Amnesty: in Libia “troppe violazioni" in un Paese del Consiglio Onu per i Diritti
umani
“Arresti, detenzione a tempo indeterminato e violenze” nei confronti dei migranti,
richiedenti asilo e rifugiati. Migliaia di esecuzioni extragiudiziali. Frustate e
carcere per le donne adultere. Sparizioni forzate di dissidenti e attivisti. Oltre
500 detenuti, di cui la metà stranieri, condannati alla pena di morte.

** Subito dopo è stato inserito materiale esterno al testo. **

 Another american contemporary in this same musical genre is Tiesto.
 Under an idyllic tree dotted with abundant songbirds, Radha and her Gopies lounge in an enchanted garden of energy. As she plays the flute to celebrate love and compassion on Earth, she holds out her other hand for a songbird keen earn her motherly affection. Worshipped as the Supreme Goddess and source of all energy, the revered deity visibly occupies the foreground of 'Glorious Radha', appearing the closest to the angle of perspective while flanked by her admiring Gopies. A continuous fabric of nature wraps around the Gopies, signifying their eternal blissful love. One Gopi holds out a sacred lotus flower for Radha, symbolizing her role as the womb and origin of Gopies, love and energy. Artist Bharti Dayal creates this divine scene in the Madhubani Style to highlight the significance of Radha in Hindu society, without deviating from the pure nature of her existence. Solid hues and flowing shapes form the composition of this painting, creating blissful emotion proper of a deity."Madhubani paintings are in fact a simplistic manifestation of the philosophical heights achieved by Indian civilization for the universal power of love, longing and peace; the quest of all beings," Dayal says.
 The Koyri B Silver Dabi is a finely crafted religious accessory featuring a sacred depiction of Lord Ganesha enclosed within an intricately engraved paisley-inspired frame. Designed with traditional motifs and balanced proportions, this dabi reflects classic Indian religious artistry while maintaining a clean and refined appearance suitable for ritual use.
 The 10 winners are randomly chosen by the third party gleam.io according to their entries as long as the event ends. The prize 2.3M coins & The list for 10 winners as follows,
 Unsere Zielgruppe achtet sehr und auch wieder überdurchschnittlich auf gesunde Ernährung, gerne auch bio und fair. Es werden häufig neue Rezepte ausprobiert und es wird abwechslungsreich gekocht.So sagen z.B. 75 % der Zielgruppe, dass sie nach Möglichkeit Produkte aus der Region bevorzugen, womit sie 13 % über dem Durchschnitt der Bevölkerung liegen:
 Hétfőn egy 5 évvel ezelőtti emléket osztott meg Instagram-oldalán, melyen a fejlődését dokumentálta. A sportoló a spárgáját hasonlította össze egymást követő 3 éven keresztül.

Sono alcune
delle violazioni dei diritti umani elencate nel rapporto di Amnesty International
sulla Libia, reso noto oggi, nel quale si denuncia “l’assenza di riforme, nonostante
il Paese intenda giocare un ruolo di maggior rilievo sul piano internazionale”. Amnesty
- riferisce l’agenzia Sir - condanna anche la chiusura dell’ufficio dell’Alto Commissariato
delle Nazioni Unite per i rifugiati, “gesto che avrà un grave impatto sui rifugiati
e sui richiedenti asilo”. “Se la Libia vuole essere credibile sul piano internazionale
- ha dichiarato Hassiba Hadj Sahraoui, di Amnesty international -, le autorità devono
assicurare che nessuno sia al di sopra della legge e che tutte le persone, comprese
le più vulnerabili ed emarginate, vengano protette. La repressione del dissenso deve
cessare”. Amnesty ha accertato che le violazioni sono “commesse dalle forze di sicurezza,
in particolare dall’Agenzia per la sicurezza interna (Asi), che pare avere poteri
incontrastati di arrestare, imprigionare e interrogare persone sospettate di essere
dissidenti o di svolgere attività legate al terrorismo”. All’indomani degli attacchi
dell’11 settembre, le autorità libiche - prosegue il rapporto di Amnesty - hanno fatto
ricorso all’argomento della “guerra al terrore” per “giustificare la detenzione arbitraria
di centinaia di persone considerate voci critiche o una minaccia alla sicurezza nazionale”.
“I partner internazionali della Libia non possono ignorare l’agghiacciante situazione
dei diritti umani in nome dei loro interessi nazionali – ha sottolineato Hassiba Hadj
Sahraoui -. Come membro della comunità internazionale, la Libia ha la responsabilità
di rispettare gli obblighi in materia di diritti umani e occuparsi delle violazioni
anziché nasconderle. La contraddizione di un Paese che fa parte del Consiglio Onu
dei diritti umani e rifiuta le visite dei suoi esperti indipendenti sui diritti umani,
- conclude il responsabile di Amnesty - è stridente”. (R.G.)